## Problem description
Extract only the lines running from the top of the entries to the line that holds "一見浮かせ気味のアプローチが釣れそうな魚探映像。". Include that line and omit the pictures.
Top of Given records
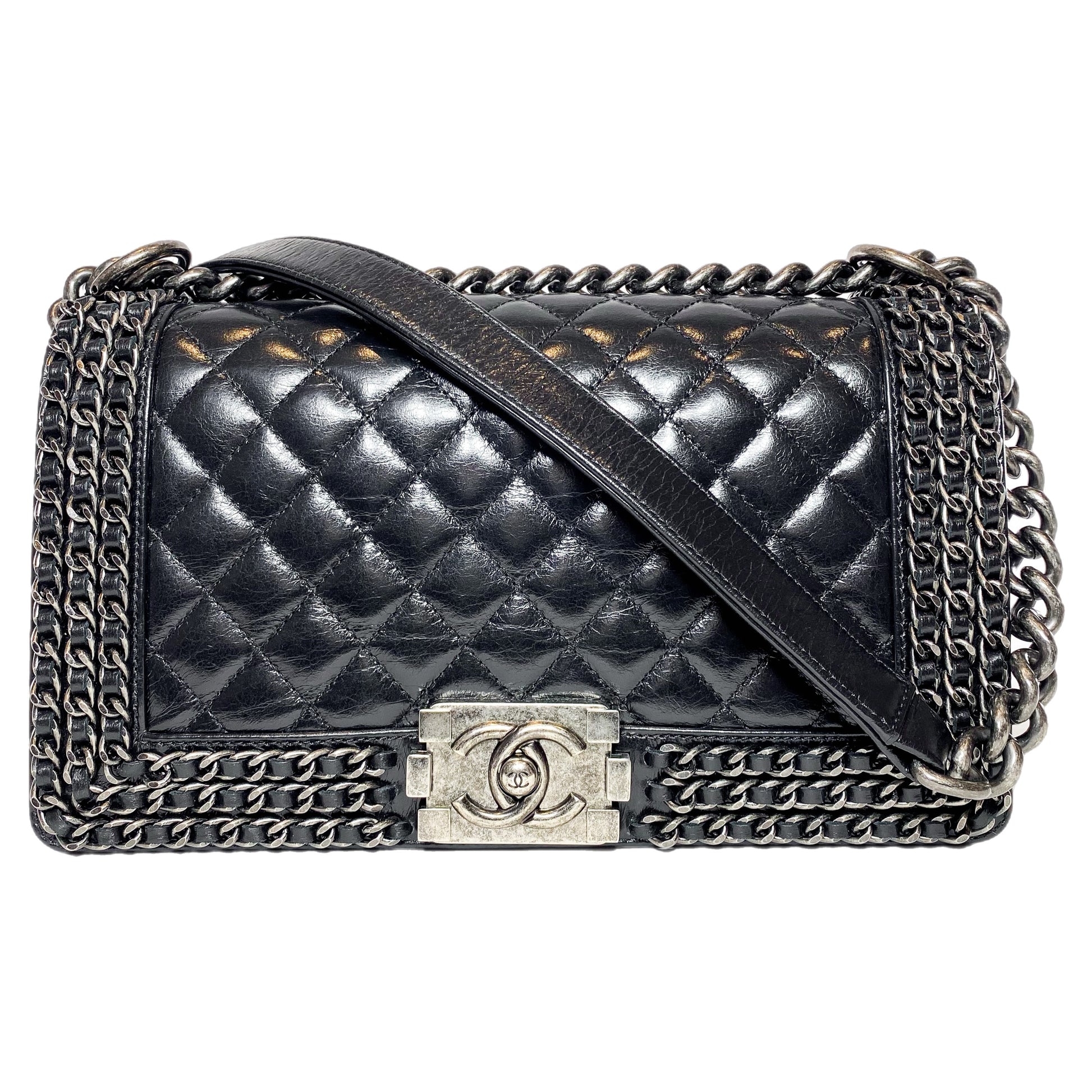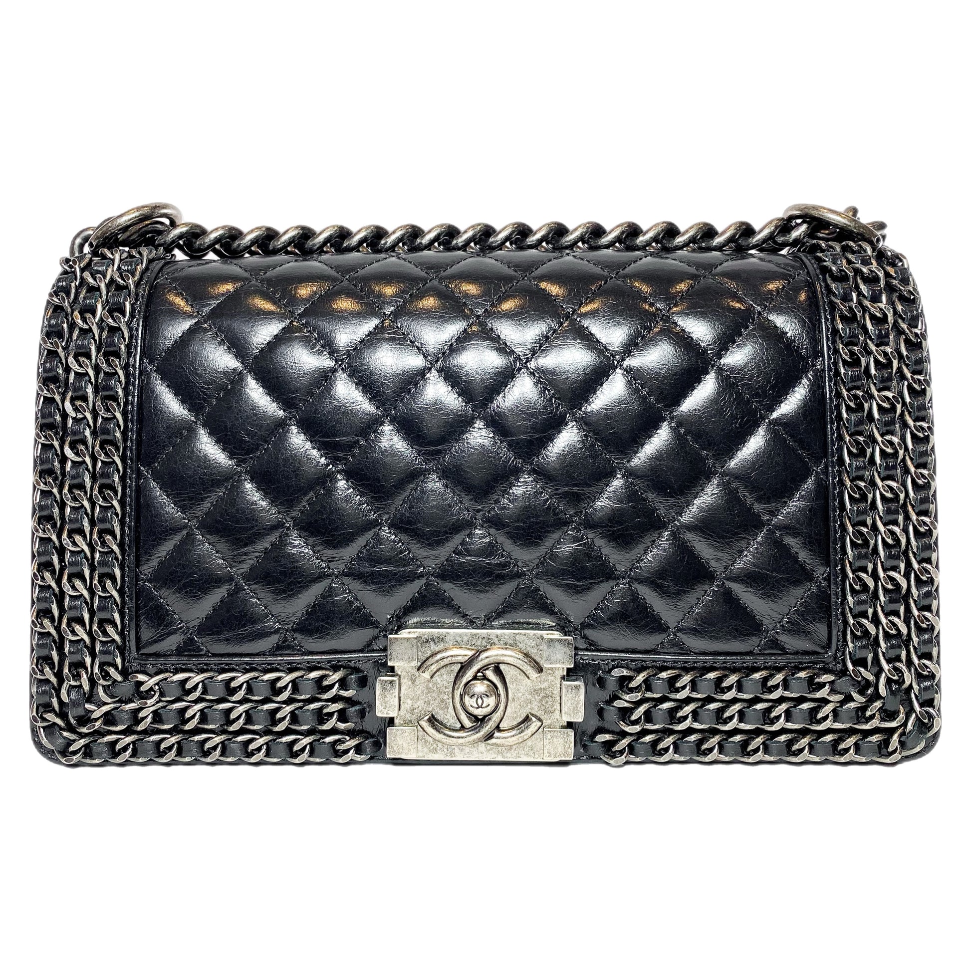 Chanel Black Old Medium Chain Around Boy Bag
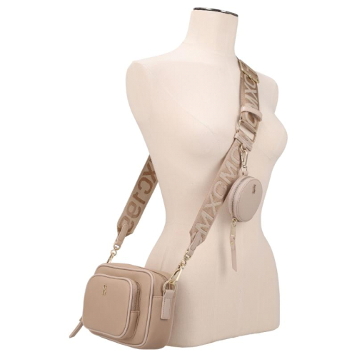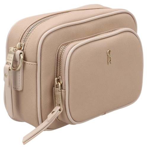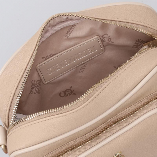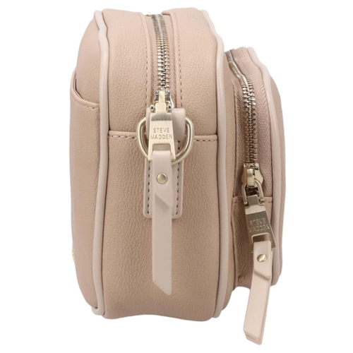 De Steve Madden Blillite is een stoere en moderne tas in beige, afgewerkt met bijpassende goude hardware voor een strakke uitstraling. Het brede schouderhengsel met witte “Steve Madden”-letters geeft de tas een sportieve edge, terwijl de ronde bag charm met rits aan het hengsel zorgt voor een speels en functioneel accent.
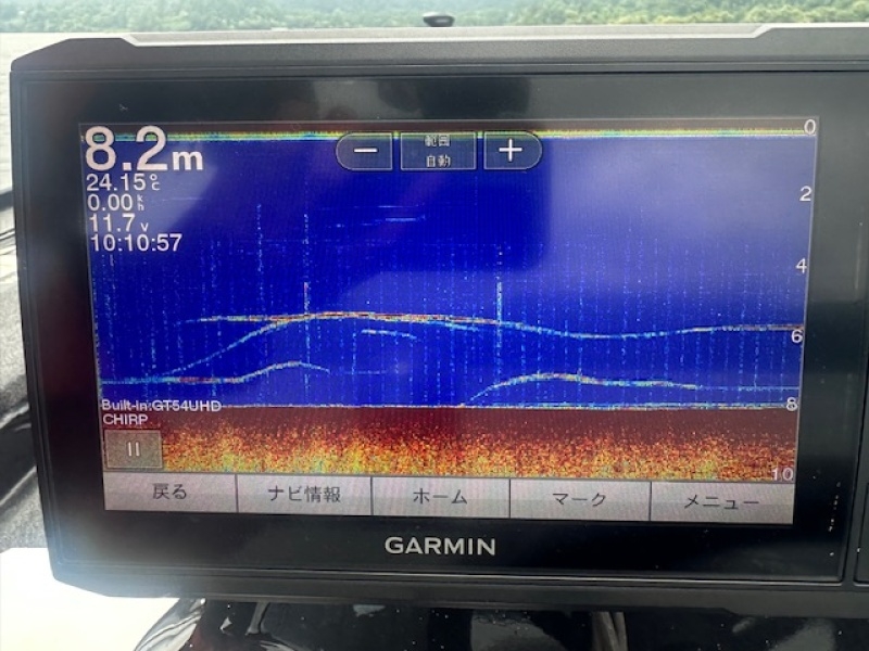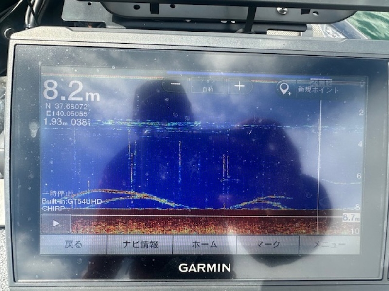 一見浮かせ気味のアプローチが釣れそうな魚探映像。
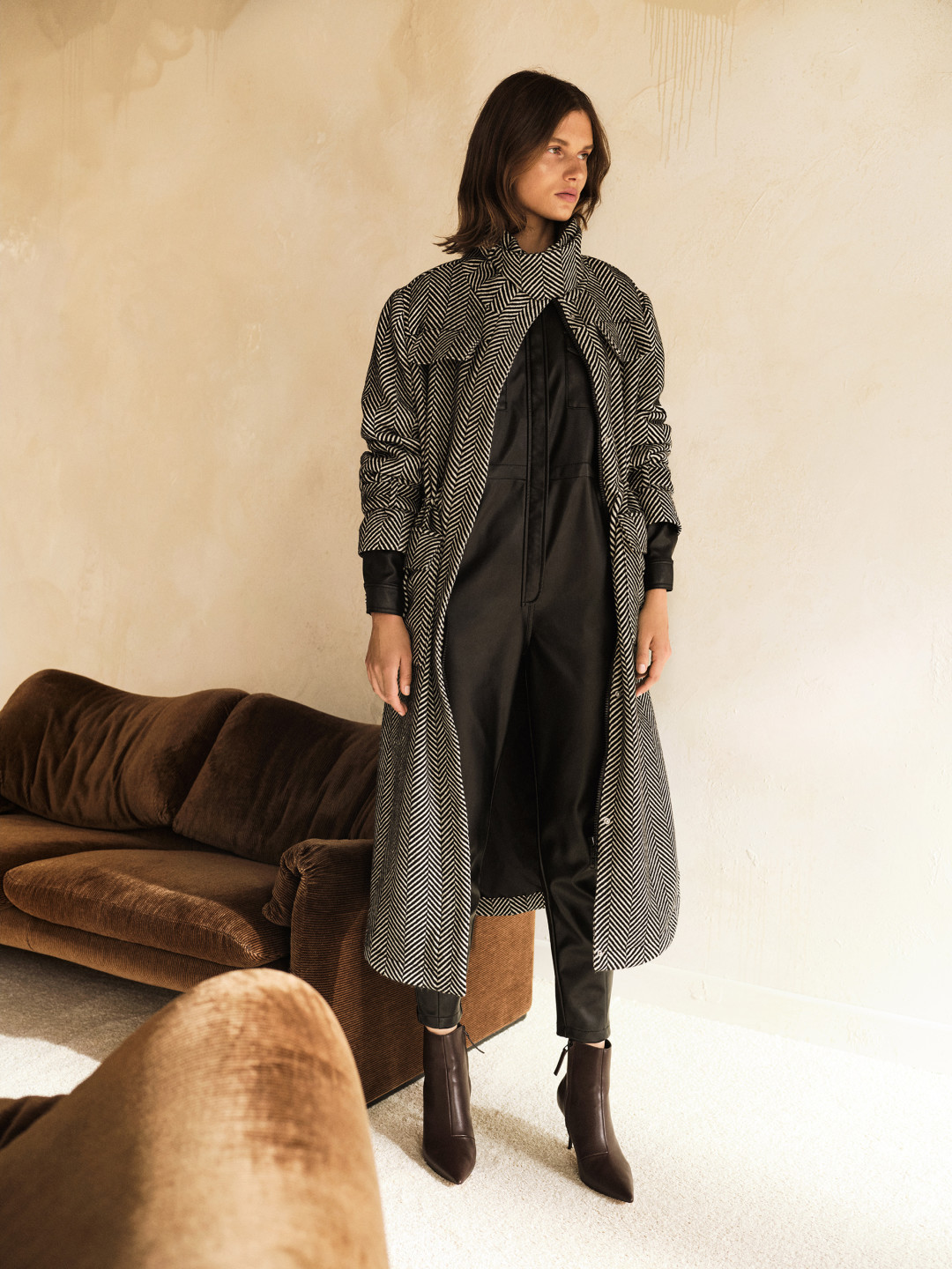 Модели демонстрируют трикотажные платья, комбинезон и рубашку из экокожи, монохромные и твидовый костюмы, жакеты и пальто герметичного кроя. Сдержанность коллекции разбавлена искусственным мехом, пышными рукавами на платье, розовым плащом, прозрачным топом, пуховиком белого цвета и серебристым свитером. Все это в сочетании с сапогами на массивной подошве или тонком каблуке, классическими мокасинами и кроссовками. Среди аксессуаров сумка hobo с плетеной текстурой и кожаный берет.
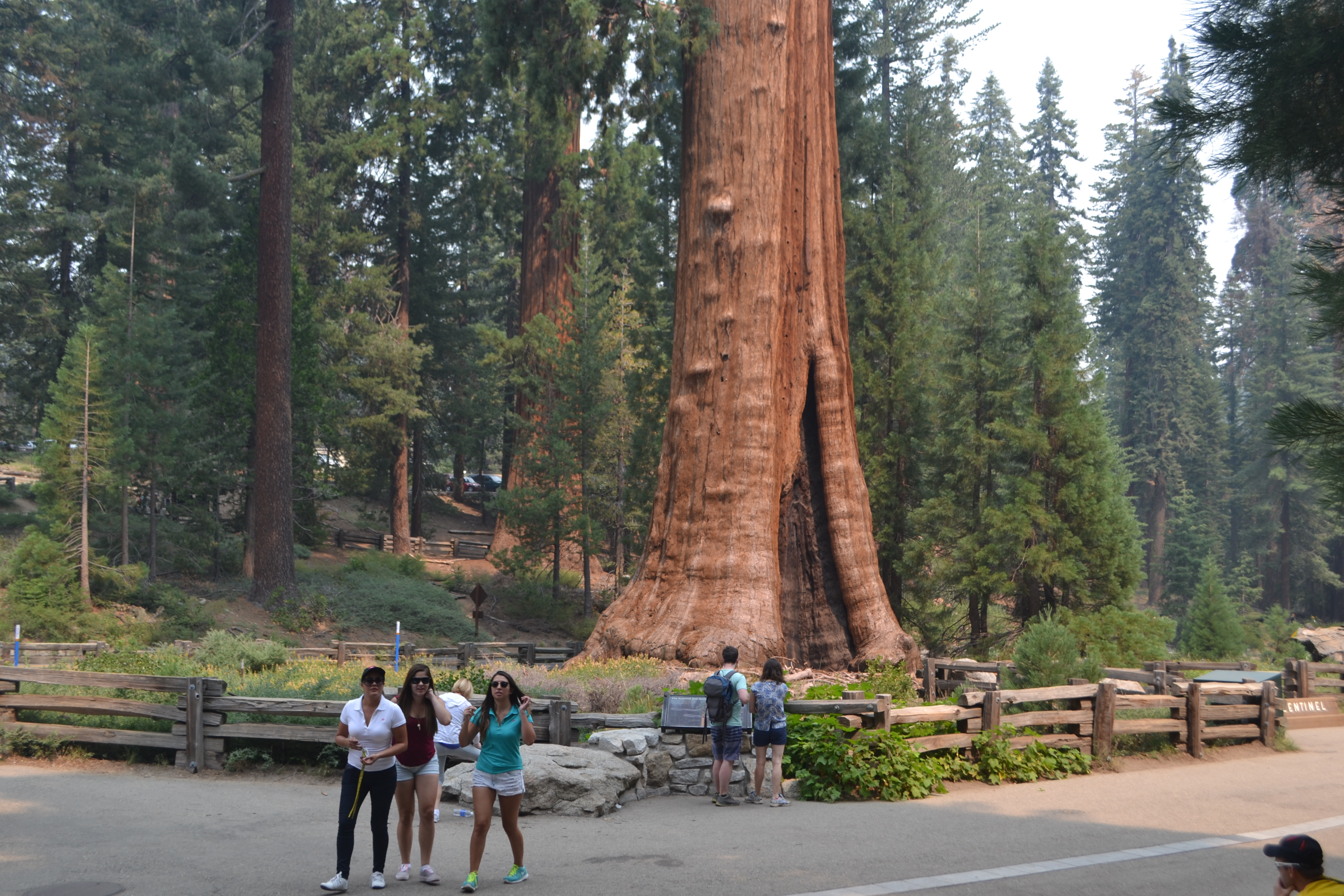 Today was the day at 6000 feet. We have just enjoyed the Sequoia National Park. We had trouble believing that we were going to see big trees as we drove toward our destination. One minute we are suffering with the people as the 4 year drought is very evident – no feed – brown dirt – moisture starved trees. Next, are we in California? or in Mildura? – orange groves, grape vines, other` drip watered` fruit trees – then back to barren paddocks. Up and up we climbed. First the pine trees, then the huge granite boulders and then what should have been brilliant photographic scenes of valleys, running streams of water and high mountains were actually just smoke hazed apparitions, Not many miles away in King Canyon National Park a huge fire was burning. Later in the day we took photos of `atomic bomb` smoke clouds.
Bottom of Given records
## Answer space
 Chanel Black Old Medium Chain Around Boy Bag
 De Steve Madden Blillite is een stoere en moderne tas in beige, afgewerkt met bijpassende goude hardware voor een strakke uitstraling. Het brede schouderhengsel met witte “Steve Madden”-letters geeft de tas een sportieve edge, terwijl de ronde bag charm met rits aan het hengsel zorgt voor een speels en functioneel accent.
 一見浮かせ気味のアプローチが釣れそうな魚探映像。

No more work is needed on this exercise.